72.Bölüm*

713 39 215
                                    

Matt Maltese

As The World Caves İn

*

"Fred nerede? Fred'i gördünüz mü?" Genç kıza gördüğü herkes kafasını iki yana sallıyordu. Son sürat insanları iterek yanından geçerken asasını indirmiyor, kendisine lanet atıldığında kısa sürede olsa karşılık veriyordu.

Hogwarts yıkıldı yıkılacaktı. İnsanlar, Ölüm Yiyenler'le çarpışıyor, yaralanıyordu. Savaş başlamıştı ve kesinlikle küçümsenecek bir savaş değildi. Violet vaktinde küçük çocukları çıkardıkları için çok seviniyordu. Yine de şu an tek merak ettiği lanet olası Frederic Gideon Weasley'nin nerede olduğuydu.

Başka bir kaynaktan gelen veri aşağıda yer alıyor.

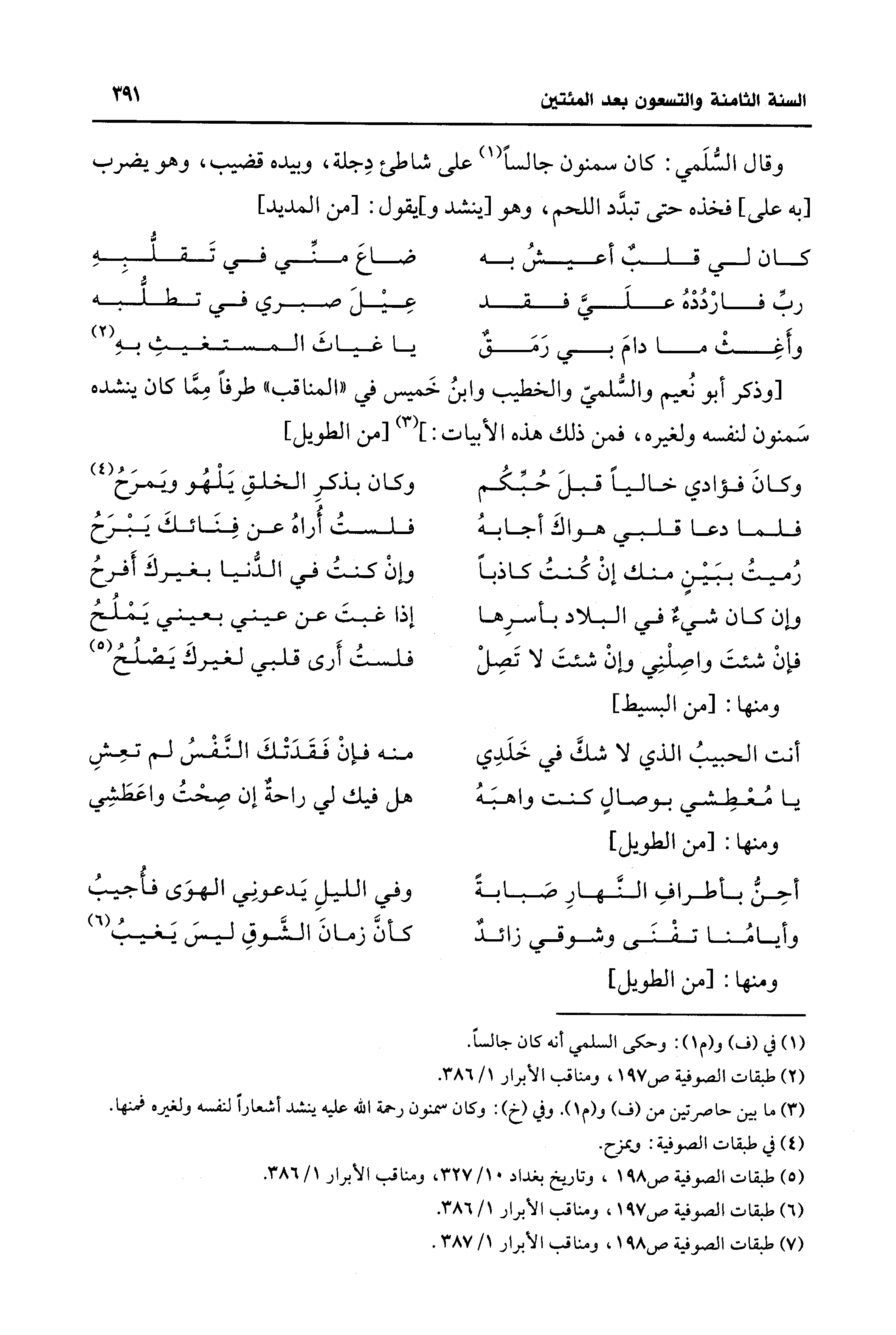 (¬3) ما بين حاصرتين من (ف) و (م 1). وفي (خ): وكان سمنون رحمة الله عليه ينشد أشعارًا لنفسه ولغيره فمنها.

İhtiyaç Odası'na geri dönmüş olabileceğini düşündü. Beşinci kat koridoruna çıkan merdivenler ikişer üçer çıktı. Merdivenler bittiğinde önce İhtiyaç Odası'nın girişinde Harry, Hermione, Ron, Draco ve Goyle'ı yerde yatarken gördü. İyi gözüktükleri için onlarla da vakit kaybetmedi ve sola döndü. İşte görmüştü. Fred ve Percy iki Ölüm Yiyen'le düello ediyordu.

"Merhaba, Bakan!" diye bağırdı Percy, karşısındaki Ölüm Yiyen'in maskesini düşürürken Sihir Bakanı Thicknesse gözüktü. "Size istifa ettiğimi söylemiş miydim?"

"İnanamıyorum. Sen az önce şaka yaptın, Perce!" dedi Fred neşeyle. Kendi çarpıştığı Ölüm Yiyen'i sersemletmişti. "Sen gerçekten şaka yaptın! Ne zamandan beri şaka yaptığını duymamıştım, şeyden beri-"

Hava patladı. Fred ve Percy'nin arkasındaki duvar patlayıp etrafa saçılırken Violet tekrar koşmaya başladı. Patlamadan dolayı yer titriyordu, koşmak değil yürümek bile zordu. Asasını düşürmek üzereyken sıkı sıkı tuttu. Toz toprağın içerisinde gözünü kısarak engelledi. "Fred!" Onu duyup cevap vermesi için bağırıyor fakat karşılık alamıyordu. Nefesi daraldı, dumanın dağılması için asasını salladığında bir enkaz gördü. Enkazın ortasında da Fred'in üstüne kapanmış ağlayan Percy'i...

"Hayır, hayır, hayır! Fred, hayır!" Fred'in kıyafetleri kanlar içindeydi. Violet yere düştü. Aynı soğuk bakışları bu hayatta üçüncü kez görmeye hazır hissetmedi. Yerde sürünerek Percy'nin yanına gitti, hala Fred'in nefes almayan bedeniyle konuşmaya çalışan turuncu saçlı çocuk onun geldiğini fark etmemişti.

Violet elini onun yanağına koydu. Gözyaşları yanaklarını ıslatırken Fred onun ağlamasına kızamadı. Son gülüşünün hayaleti hala yüzünde görülürken bu an, Fred Weasley'nin ilk defa Violet Black'i ağlarken güldürmediği andı.

-----

Draco Malfoy, hayatı boyunca kendi kendine bir karar vermemişti. Gerekli de olmamıştı, onun için bu işi yapacak çok kişi vardı. Hayatındaki her şeye önceden karar verilmiş olurdu. Bu rahatlığa çok alışkındı. Okula başlayana kadar da bu rahatlık hep hoşuna gitmişti.

Kendisiyle aynı yaşta bir çocuğun hikayesini dinleyerek büyümüştü: Sağ Kalan Çocuğun Hikayesi. Draco, ona hayranlık beslemişti. Onunla beraber okula gideceğini öğrendiğinde de sevinçten havalara uçmuştu. Bu fazla mutluluğun sonucunda Lucius Malfoy'dan ilk cezasını kazanmıştı. Babası onun Harry Potter'la uzaktan yakından alakası olmasını istemiyordu.

Arkadaş olmalarına izin vermemişti ama küçük Draco, babası yerine annesinin herkesle arkadaş olabilirsin sözünü dinlemişti. Risk alacaktı. Okula vardıklarında önceden cüppe dükkanında görüp konuştuğu çocuğa elini uzatmıştı, reddedildi. Draco, ilk defa biri tarafından reddedildi. Hırs yaptı, gözü boyandı.